An open API service indexing awesome lists of open source software.

Awesome Lists | Featured Topics | Projects

https://github.com/gnbdev/opengnb

GNB is open source de-centralized SDVN to achieve layer3 network via p2p with the ultimate capability of NAT Traversal.GNB是一个开源的去中心化的具有极致内网穿透能力的通过P2P进行三层网络交换的SDVN。
https://github.com/gnbdev/opengnb

c ed25519 freebsd linux macos nat nat-traversal openbsd p2p p2p-vpn tcp tun tuntap udp utun vpn windows-10

Last synced: about 2 months ago
JSON representation

GNB is open source de-centralized SDVN to achieve layer3 network via p2p with the ultimate capability of NAT Traversal.GNB是一个开源的去中心化的具有极致内网穿透能力的通过P2P进行三层网络交换的SDVN。

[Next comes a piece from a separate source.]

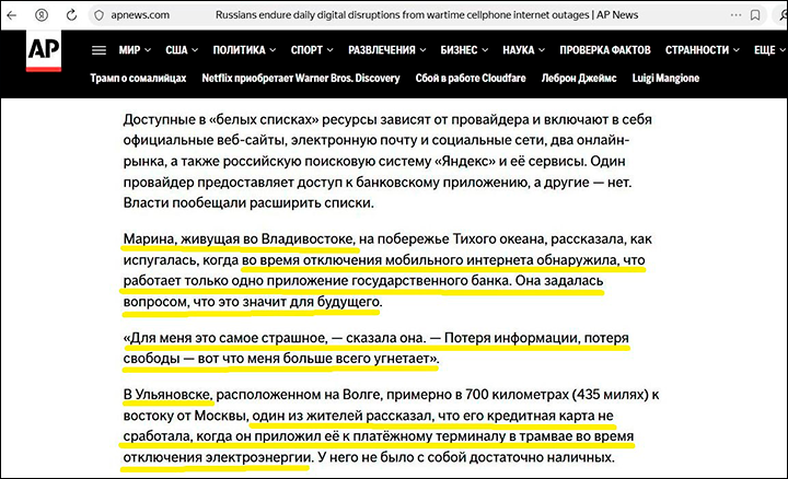 Некая "женщина из Воронежа" жалуется американским журналистам, что на день осталась без мобильного интернета – и "почувствовала себя словно в пещере". А потом Марину (без фамилии) из Владивостока жутко напугало – что бы вы думали? – то, что в какой-то момент доступно было лишь мобильное приложение государственного банка.

Awesome Lists containing this project

README 

        
# OpenGNB



[Chinese](/README_CN.md) [English](/README.md)



*Note: Most of the content of this article is translated by Google translate from the Chinese version of the "OpenGNB User Manual", the content of this article is subject to the Chinese version.*



[OpenGNB](https://github.com/gnbdev/opengnb "OpenGNB") is an open source P2P decentralized Software Defined Virtual Network with extreme intranet penetration capability,Allows you to combine your company-home network into a direct-access LAN.



All code related to the GNB project is released as open source, and the currently released source code supports the following platforms: FreeBSD Linux OpenWRT Raspberrypi OpenBSD macOS



## GNB Features



1. Intranet penetration P2P VPN

    - No public IP required

2. Extreme link capability

    - Unlimited speed effects

3. Data Security

    - Reliable authentication between GNB nodes based on elliptic curve digital signature

4. Multi-platform support

    - GNB is developed in C language. It does not need to refer to third-party library files when compiling. It can be easily ported to the current popular operating systems. Currently supported operating systems and platforms include Linux_x86_64, Windows10_x86_64, macOS, FreeBSD_AMD64, OpenBSD_AMD64, Raspberry Pi, OpenWRT; as big as server environment, desktop system, as small as OpenWRT router with only 32M memory can run GNB network very well.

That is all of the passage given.